= ASSIGNMENT =
The required answer is the run of lines from the one holding "Госсекретарь США Энтони" to the end of the data below, copied exactly and free of pictures.

= RECORDS PROVIDED =
***
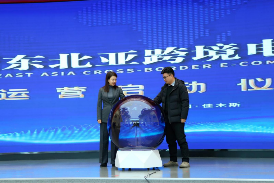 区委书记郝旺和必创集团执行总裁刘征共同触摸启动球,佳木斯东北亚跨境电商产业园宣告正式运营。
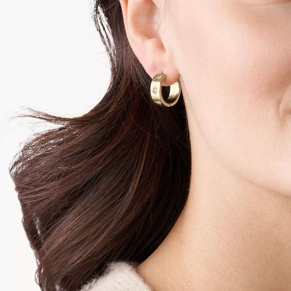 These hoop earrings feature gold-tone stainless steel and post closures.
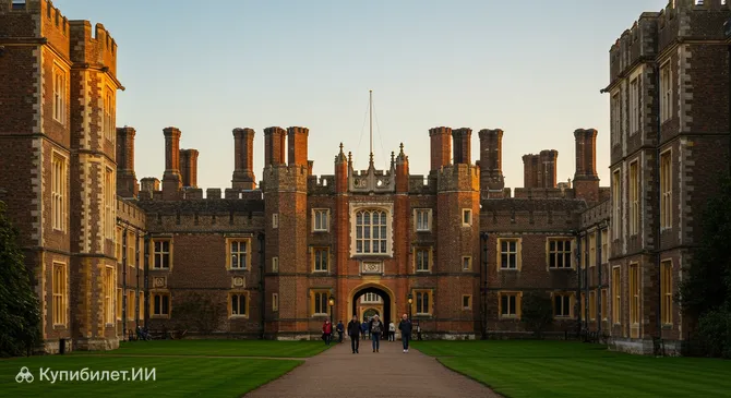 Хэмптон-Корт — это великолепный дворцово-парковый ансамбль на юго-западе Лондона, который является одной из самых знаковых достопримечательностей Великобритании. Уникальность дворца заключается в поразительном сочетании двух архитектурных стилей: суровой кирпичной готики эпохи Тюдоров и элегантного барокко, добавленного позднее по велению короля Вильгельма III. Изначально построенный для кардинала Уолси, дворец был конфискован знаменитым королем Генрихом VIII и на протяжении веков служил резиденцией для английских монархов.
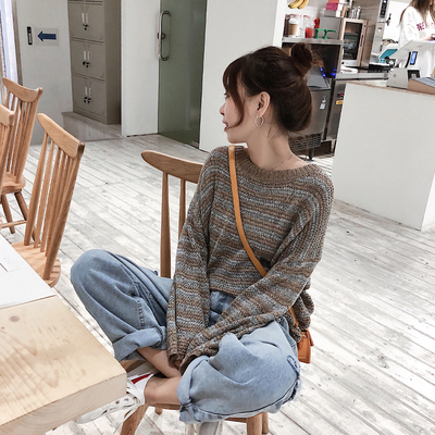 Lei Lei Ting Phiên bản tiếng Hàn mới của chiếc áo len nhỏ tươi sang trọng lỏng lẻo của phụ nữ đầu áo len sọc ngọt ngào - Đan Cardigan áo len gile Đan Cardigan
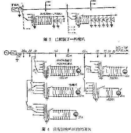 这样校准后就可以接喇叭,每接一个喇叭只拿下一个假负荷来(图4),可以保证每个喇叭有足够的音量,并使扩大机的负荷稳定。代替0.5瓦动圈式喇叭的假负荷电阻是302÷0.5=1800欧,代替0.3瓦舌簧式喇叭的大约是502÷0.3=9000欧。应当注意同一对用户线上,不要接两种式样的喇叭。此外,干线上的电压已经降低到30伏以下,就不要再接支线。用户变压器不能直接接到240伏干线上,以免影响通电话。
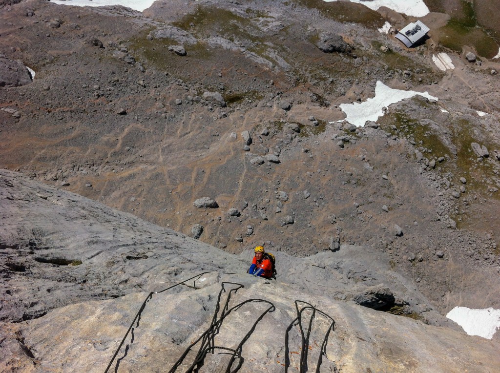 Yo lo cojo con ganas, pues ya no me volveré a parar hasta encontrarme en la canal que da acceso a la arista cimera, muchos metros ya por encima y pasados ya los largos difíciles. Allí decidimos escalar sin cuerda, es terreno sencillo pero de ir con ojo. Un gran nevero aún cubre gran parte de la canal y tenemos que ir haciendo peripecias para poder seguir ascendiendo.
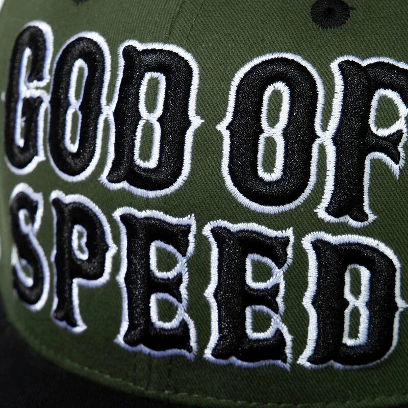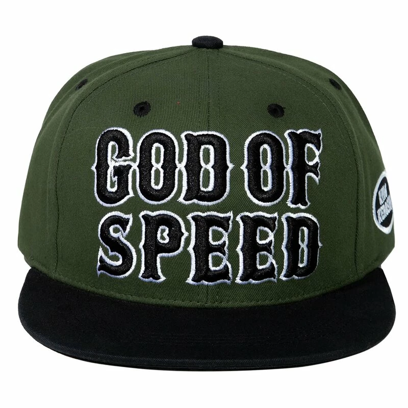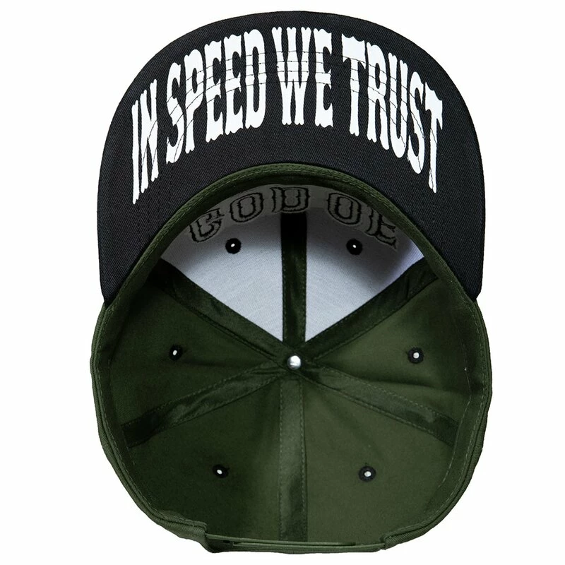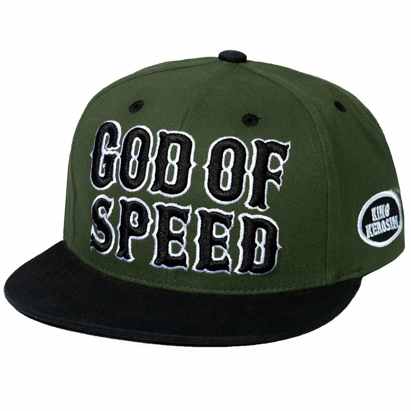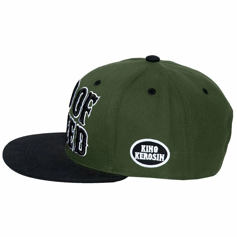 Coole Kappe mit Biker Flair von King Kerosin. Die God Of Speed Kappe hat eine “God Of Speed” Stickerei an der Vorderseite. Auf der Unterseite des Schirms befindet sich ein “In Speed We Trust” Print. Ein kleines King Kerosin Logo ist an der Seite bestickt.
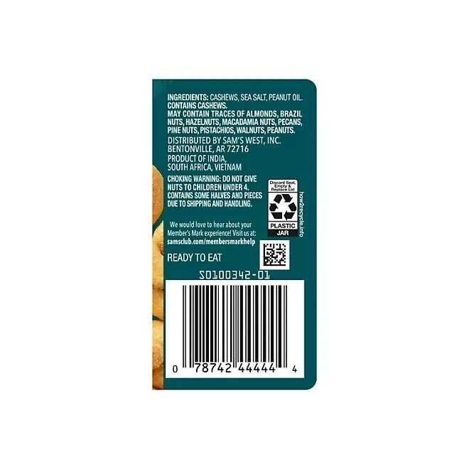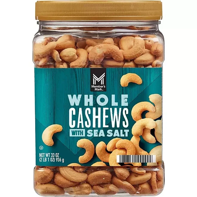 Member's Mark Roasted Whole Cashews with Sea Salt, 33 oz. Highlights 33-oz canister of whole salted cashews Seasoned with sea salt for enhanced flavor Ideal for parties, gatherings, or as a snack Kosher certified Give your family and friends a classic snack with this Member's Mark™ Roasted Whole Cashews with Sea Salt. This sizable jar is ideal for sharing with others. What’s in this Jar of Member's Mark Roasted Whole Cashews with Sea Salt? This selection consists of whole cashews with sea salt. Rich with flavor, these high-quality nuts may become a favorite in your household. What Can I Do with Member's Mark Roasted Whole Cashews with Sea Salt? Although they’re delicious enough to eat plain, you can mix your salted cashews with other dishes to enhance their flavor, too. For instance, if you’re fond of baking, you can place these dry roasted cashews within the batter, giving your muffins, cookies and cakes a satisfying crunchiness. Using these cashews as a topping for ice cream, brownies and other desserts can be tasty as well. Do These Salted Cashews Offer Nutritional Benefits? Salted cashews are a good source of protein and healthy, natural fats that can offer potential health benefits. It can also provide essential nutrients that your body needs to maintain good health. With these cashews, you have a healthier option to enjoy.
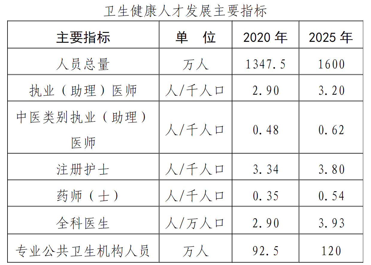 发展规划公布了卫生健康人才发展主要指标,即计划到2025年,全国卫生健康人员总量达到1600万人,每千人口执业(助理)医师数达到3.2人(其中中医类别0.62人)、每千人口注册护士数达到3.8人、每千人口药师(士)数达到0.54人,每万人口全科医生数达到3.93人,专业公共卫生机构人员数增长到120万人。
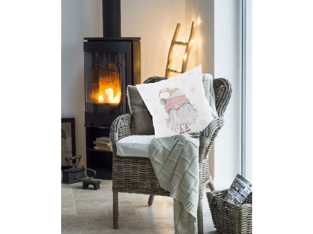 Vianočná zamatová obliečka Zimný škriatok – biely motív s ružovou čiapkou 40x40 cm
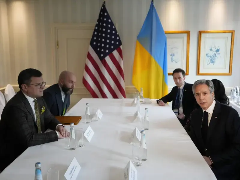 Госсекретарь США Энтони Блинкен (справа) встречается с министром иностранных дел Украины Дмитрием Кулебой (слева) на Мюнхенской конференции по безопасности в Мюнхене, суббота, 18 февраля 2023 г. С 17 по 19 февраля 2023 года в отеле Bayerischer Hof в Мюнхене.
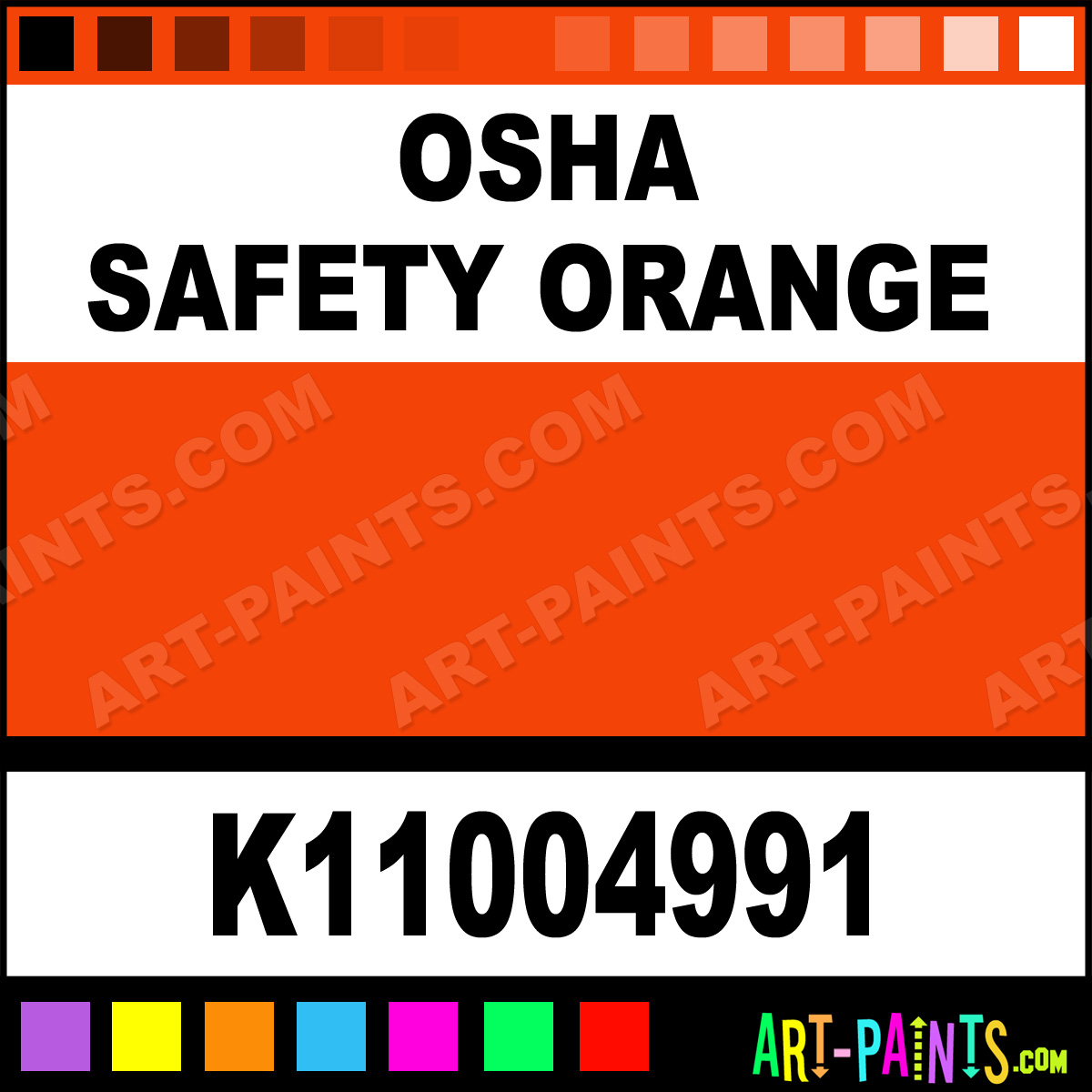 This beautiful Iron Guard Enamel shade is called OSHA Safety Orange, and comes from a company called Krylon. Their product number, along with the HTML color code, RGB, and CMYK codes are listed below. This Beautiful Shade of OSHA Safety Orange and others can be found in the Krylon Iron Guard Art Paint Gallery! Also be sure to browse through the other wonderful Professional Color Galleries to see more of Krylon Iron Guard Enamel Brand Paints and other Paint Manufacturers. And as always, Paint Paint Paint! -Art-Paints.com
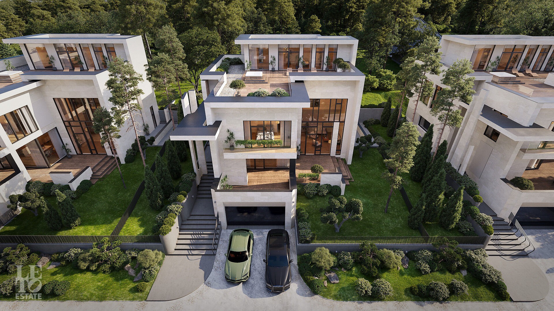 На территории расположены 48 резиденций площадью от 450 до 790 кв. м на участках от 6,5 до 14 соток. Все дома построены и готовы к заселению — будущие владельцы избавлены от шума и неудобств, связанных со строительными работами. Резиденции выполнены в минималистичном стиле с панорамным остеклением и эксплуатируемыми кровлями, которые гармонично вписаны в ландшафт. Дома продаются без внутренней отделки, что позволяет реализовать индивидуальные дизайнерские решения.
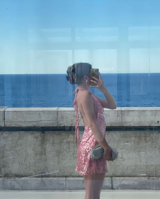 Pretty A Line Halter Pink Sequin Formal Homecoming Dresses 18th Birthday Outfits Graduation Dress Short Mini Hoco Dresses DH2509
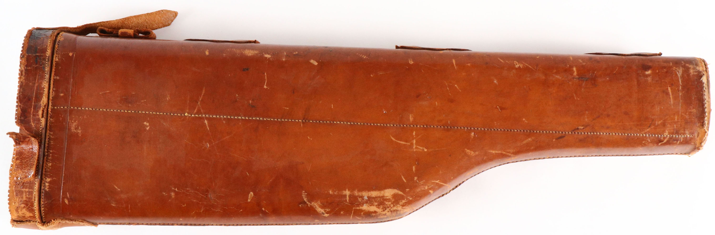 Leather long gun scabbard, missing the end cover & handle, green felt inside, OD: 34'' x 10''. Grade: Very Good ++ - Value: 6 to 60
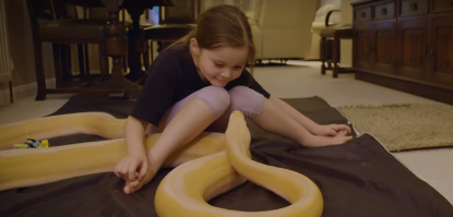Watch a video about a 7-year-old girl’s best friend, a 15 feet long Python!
***
= REPLY TO THE TASK =
 Госсекретарь США Энтони Блинкен (справа) встречается с министром иностранных дел Украины Дмитрием Кулебой (слева) на Мюнхенской конференции по безопасности в Мюнхене, суббота, 18 февраля 2023 г. С 17 по 19 февраля 2023 года в отеле Bayerischer Hof в Мюнхене.
 This beautiful Iron Guard Enamel shade is called OSHA Safety Orange, and comes from a company called Krylon. Their product number, along with the HTML color code, RGB, and CMYK codes are listed below. This Beautiful Shade of OSHA Safety Orange and others can be found in the Krylon Iron Guard Art Paint Gallery! Also be sure to browse through the other wonderful Professional Color Galleries to see more of Krylon Iron Guard Enamel Brand Paints and other Paint Manufacturers. And as always, Paint Paint Paint! -Art-Paints.com
 На территории расположены 48 резиденций площадью от 450 до 790 кв. м на участках от 6,5 до 14 соток. Все дома построены и готовы к заселению — будущие владельцы избавлены от шума и неудобств, связанных со строительными работами. Резиденции выполнены в минималистичном стиле с панорамным остеклением и эксплуатируемыми кровлями, которые гармонично вписаны в ландшафт. Дома продаются без внутренней отделки, что позволяет реализовать индивидуальные дизайнерские решения.
 Pretty A Line Halter Pink Sequin Formal Homecoming Dresses 18th Birthday Outfits Graduation Dress Short Mini Hoco Dresses DH2509
 Leather long gun scabbard, missing the end cover & handle, green felt inside, OD: 34'' x 10''. Grade: Very Good ++ - Value: 6 to 60
Watch a video about a 7-year-old girl’s best friend, a 15 feet long Python!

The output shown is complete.